Tuesday, May 6, 2014

What Kind Of Fence Is The Best?

A couple of weeks ago when we had some nasty weather we had a large tree get knocked over.  It lifted up my electric fence which was attached to the tree and pulled a few T-posts out of the ground.  I have been working on the sudden influx of firewood, clearing it out. 

I am writing this as a way to, sort of, explain another of the many benefits to electric fence.  I didn't take pictures so I will try to explain the best I can.  The tree fell and tangled the three strands of wire around the root ball.  The tension it caused made a couple of posts shoot out of the ground, landing a few feet away from where they were.  That means there was a lot of added tension.  However, the wire did not break.  It was stretched about to it's limits and in other places was laying flat on the ground, but it didn't break.  I had to cut it just to get it unstuck from the root ball, but was easily repaired in a few minutes with splicers and a wrench.

I cut the tree out of the fence line, had a friend come over with a tractor and pull the jumbo trunk out of the way and repaired the fence.  The fence repair took about an hour-having to re-establish the fence line and drive the T-posts, splice the wire back together and re-attach it to the posts, then crank out the slack on the daisy wheels. 

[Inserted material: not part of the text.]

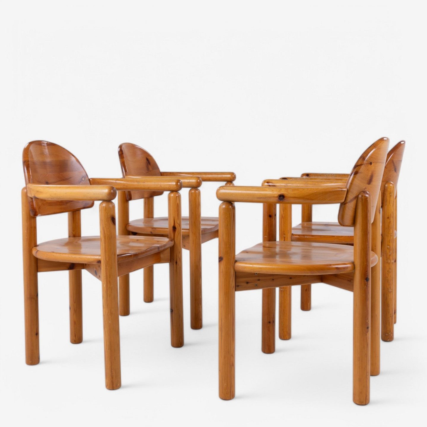 Set of 4 dining chairs in solid lacquered pine from the 1970s.
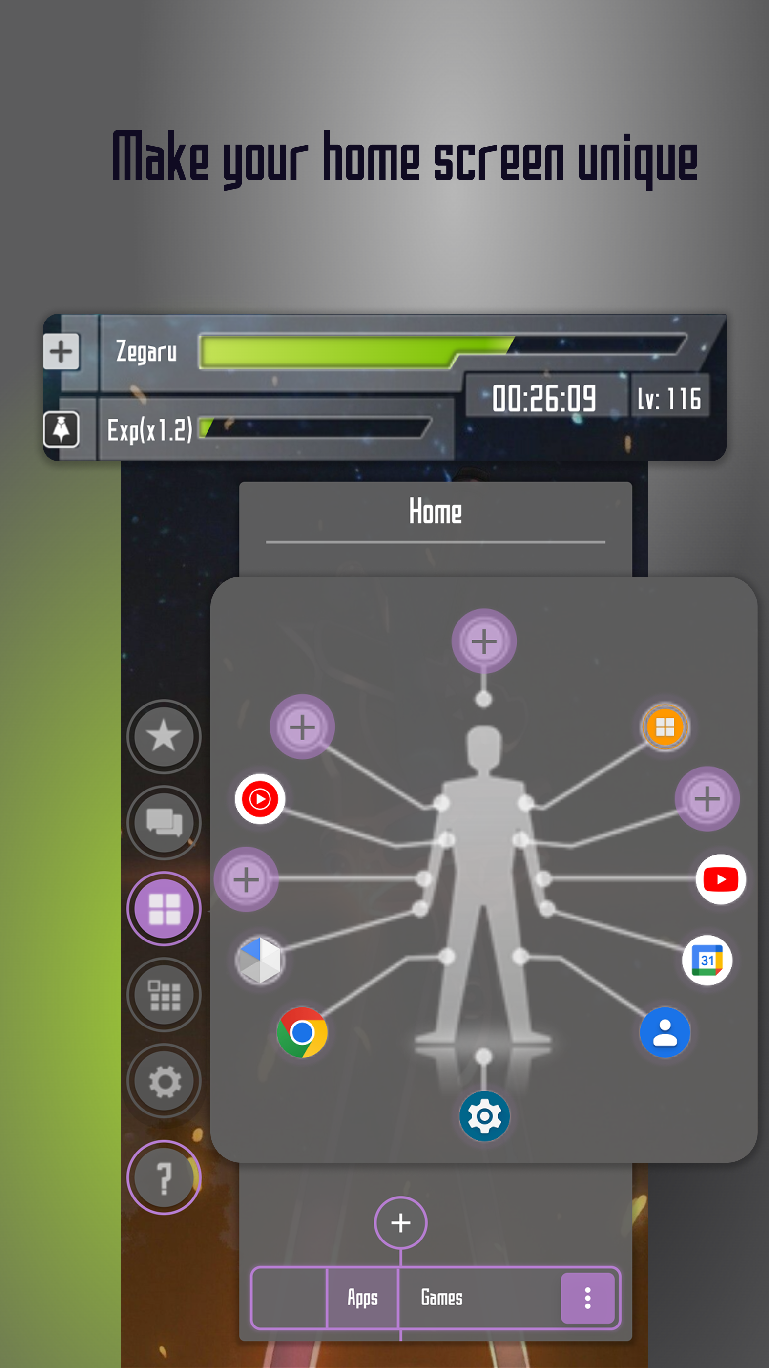 More than a launcher, your phone becomes a game. Customize your setup, complete quests, and level up as you use your phone. Zeta Launcher combines design, progression, and community into a single system. 🎨 Themes & layout Customize everything—colors, layouts, and styles. Inspired by SAO (Sword Art Online) and GGO (Gun Gale Online), with new worlds coming regularly. 📋 Daily quests Complete simple challenges every day to earn XP and keep progressing. 🔥 Streaks & rewards Stay consistent, build streaks, and unlock bonus XP and milestones. 🎵 Built-in music player Control your music, view album art, and jump into your favorite apps without leaving your home screen. 🎮 Level up & compete Gain levels, climb leaderboards, and show your progress. 📱 Flexible home experience Choose a classic app grid or switch to Zeta’s unique, immersive layouts. 🤝 Social & community Share posts, connect with others, and chat with friends directly from your launcher. 🚀 Constant updates New features, themes, and improvements added regularly. 👑 Vanguard membership Unlock faster progression, exclusive customization, and premium perks. Zeta Launcher isn’t just about how your phone looks, it’s about how it evolves. Download now and start building your world.

Most of the tree is still waiting for me to cut it up, but the fence was fixed in short order and the bull placed back in his pasture (yes, I had a nice shock when I went out to feed him the next day and stared him in the eyes by the barn an hour before daylight., WAY out of where he was supposed to be!  It seems he had been out most of the night.)

In the end, I love electric fence.  It is incredibly versatile, easy to install, can be adapted for pasture rotation very easily, has much more "give" when something falls on it, and is easily repaired when something does happen.  Not to mention you can build electric fence for a fraction of the cost of traditional barbed wire or woven wire.  Yup, going electric was one shinning moment of good decision in my homesteading life.